И ушел, не простившись.
В начале декабря, сразу после Дня Конституции, мы провожали Юрку в Москву – он уволился и уезжал в неизвестность. «Не знаю, какой я художник, хороший или так себе, но теперь уж точно свободный», – сказал мне по телефону, приглашая прийти на вокзал. Застольных проводов не было...

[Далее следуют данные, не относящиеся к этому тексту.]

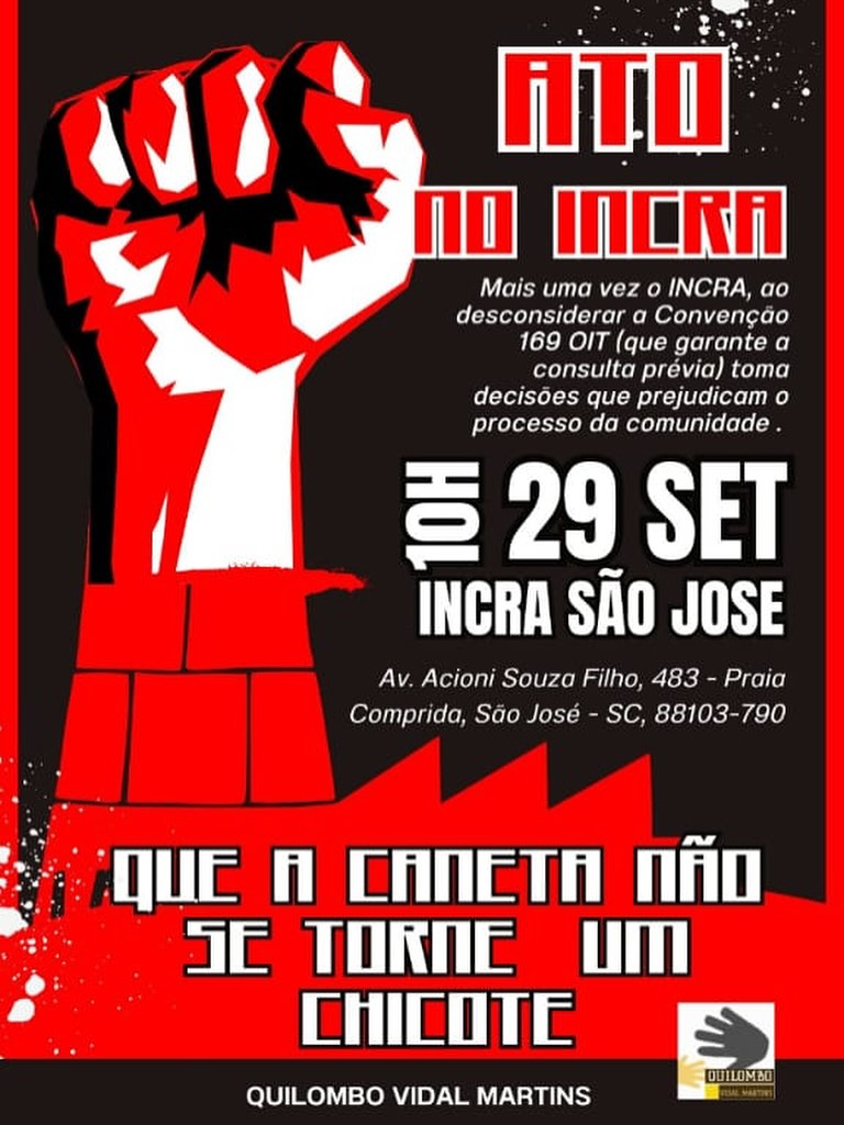 O Quilombo Vidal Martins está chamando um ato no INCRA de São José, nesta segunda 29/09 às 10h.

Мы стояли под ветром, несущим мокрый липкий снег, молчали. На первом перроне, с которого всегда отходил московский фирменный, народу было, как обычно, полно, встречалось много знакомых, словно на проспекте – все, кто в городе представлял собою что-нибудь, часто ездили этим поездом... Мизансцена была какая-то натужная, с Юркой в центре и с нами, выстроившимися полукругом. Галка не пришла – на мой тихий вопрос Юрка так же тихо ответил: «К себе уехала, в деревню, видеть меня больше не может...» – и в нашем полукружии ее место как бы пустовало, казалось даже, что между мною и главрежем драмы, для которой Юрка делал костюмы нескольких спектаклей, оставался свободный промежуток. А главреж, смазливый мужик без возраста, суетился, доставал изо всех карманов коньяк, разливал по предусмотрительно принесенным бумажным стаканчикам, руководил – «ну, на дорогу, чтобы не забывал!» – словом, делал праздник...
Проводники поторапливали отъезжающих, шумно гуляла компания военных летчиков у соседнего вагона.

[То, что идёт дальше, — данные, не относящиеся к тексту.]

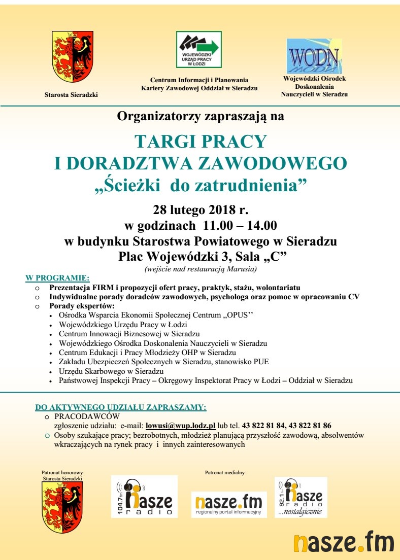 Targi już 28 lutego w godzinach 11:00 - 14:00 w sali C budynku Starostwa Powiatowego w Sieradzu.

Сторож в длинном и широком, как бы квадратном темном пальто и фуражке с матерчатым козырьком стоял в стороне. Из-под пальто влажно блестели сапоги.
Юрка прошел сквозь наш полукруг, разорвав его, как бумажную стену.

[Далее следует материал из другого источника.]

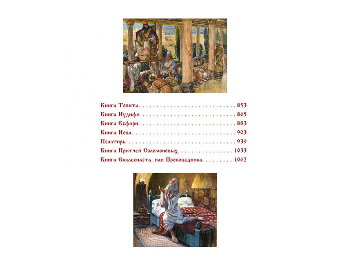 Библия — важнейшая книга христианства, одна из древнейших книг мира и значительнейших книг в истории. Ее переиздавали неисчислимое количество раз на разные языки мира, она была проиллюстрирована множеством талантливых художников. Красота и многообразие текста Ветхого завета в данном издании представлены в Синодальном переводе. Текст сопровождается цветными иллюстрациями, выполненными одаренным французским художником Джеймсом Тиссо.

Они обнялись и застыли в этом невыносимом для посторонних глаз объятии. Фонарь мотнуло ветром, осветились белое лицо статуи, глубокие складки от носа к углам рта, черные, без блеска глаза.
– Представляешь, если бы тогда нашлись доказательства, – прошептал мне на ухо главреж, – ну если бы ты их сфотографировал, допустим, ведь им по пять лет светило... И все из-за этой суки, место ей понадобилось!
Он заглянул мне в глаза, и я подумал, что он и сейчас не отказался бы получить от меня информацию – из первых рук, так, на всякий случай...
– Ну тебя на хер, Гоша, – сказал я довольно громко, некоторые в нашей компании, уверен, это расслышали, Таня сжала мою руку. – Ну вас всех на хер, хватит меня пугать, все уже кончилось, я вам не пригодился...
Да, точно, звали его Гоша, Игорь, фамилию не помню, хоть убей, Михайленко, что ли...
А суку звали Марина Николаевна Петрова, это точно. Она потом высоко всплыла в столице, где хватило места и ей, и Юрке. Ее я запомнил. Помнил и следил за тем, как она сначала всплывает, а потом тихо, без пузырей тонет... Даже и кругов не осталось, туда ей и дорога. Но до чего ж красивая была тетка...
Обнимаясь со мной, Юрка смотрел в сторону.
На привокзальной площади Таня села в пустой сияющий трамвай, уехала на дежурство, а я в начале проспекта догнал сторожа.
Он обернулся на звук моих шагов.
– Давно собирался спросить, – сказал я, – что означает ваш костюм? Вы поклонник Сталина?
– Я сын расстрелянных, – сразу, будто ожидая вопроса, ответил он. – Мать и отца в одну ночь. Это костюм смерти.
– Простите... До свидания, – я не нашелся, что еще сказать.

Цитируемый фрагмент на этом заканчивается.